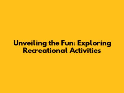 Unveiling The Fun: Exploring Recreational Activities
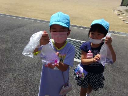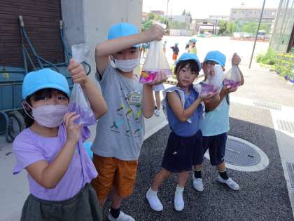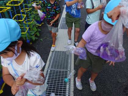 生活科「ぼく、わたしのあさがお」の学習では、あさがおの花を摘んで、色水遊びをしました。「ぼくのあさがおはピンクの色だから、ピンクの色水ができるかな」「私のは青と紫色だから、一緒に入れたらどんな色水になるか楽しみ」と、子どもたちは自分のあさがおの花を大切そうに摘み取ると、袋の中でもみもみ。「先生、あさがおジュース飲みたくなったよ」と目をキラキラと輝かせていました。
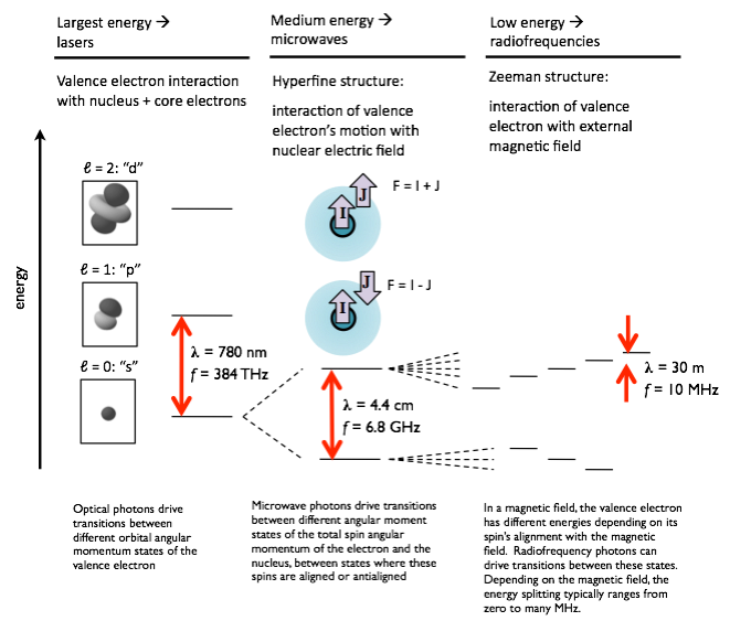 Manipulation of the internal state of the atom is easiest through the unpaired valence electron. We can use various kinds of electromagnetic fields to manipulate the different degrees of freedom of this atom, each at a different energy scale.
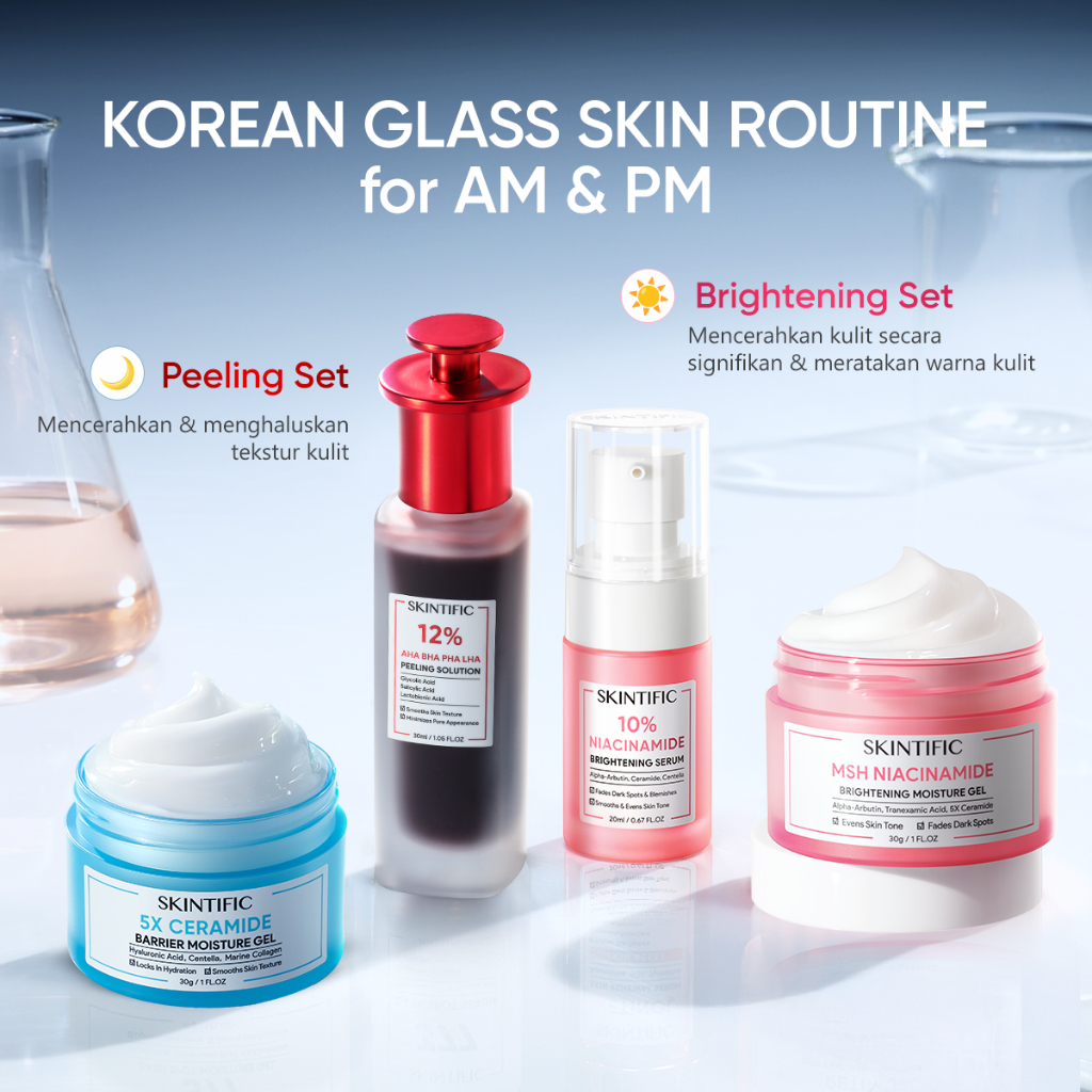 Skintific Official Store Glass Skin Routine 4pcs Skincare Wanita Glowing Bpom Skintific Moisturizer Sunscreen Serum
——
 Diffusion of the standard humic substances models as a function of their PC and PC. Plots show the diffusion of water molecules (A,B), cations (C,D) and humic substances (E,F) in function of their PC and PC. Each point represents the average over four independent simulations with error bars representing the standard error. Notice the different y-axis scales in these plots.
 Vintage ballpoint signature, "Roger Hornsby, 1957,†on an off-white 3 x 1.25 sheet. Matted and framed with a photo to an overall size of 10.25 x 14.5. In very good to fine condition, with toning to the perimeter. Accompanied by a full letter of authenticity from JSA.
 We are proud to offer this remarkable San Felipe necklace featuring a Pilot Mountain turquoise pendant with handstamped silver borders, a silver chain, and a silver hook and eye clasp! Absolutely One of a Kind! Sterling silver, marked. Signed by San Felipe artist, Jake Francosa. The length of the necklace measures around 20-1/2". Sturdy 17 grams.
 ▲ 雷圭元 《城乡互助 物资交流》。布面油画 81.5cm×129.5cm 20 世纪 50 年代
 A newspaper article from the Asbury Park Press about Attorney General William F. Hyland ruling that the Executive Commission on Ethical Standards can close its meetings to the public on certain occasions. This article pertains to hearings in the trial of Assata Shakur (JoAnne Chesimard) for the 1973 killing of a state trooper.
——
▶ Action item
Of the lines above, copy each one that contains the word "from".

▶ Problem solution
 Vintage ballpoint signature, "Roger Hornsby, 1957,†on an off-white 3 x 1.25 sheet. Matted and framed with a photo to an overall size of 10.25 x 14.5. In very good to fine condition, with toning to the perimeter. Accompanied by a full letter of authenticity from JSA.
 A newspaper article from the Asbury Park Press about Attorney General William F. Hyland ruling that the Executive Commission on Ethical Standards can close its meetings to the public on certain occasions. This article pertains to hearings in the trial of Assata Shakur (JoAnne Chesimard) for the 1973 killing of a state trooper.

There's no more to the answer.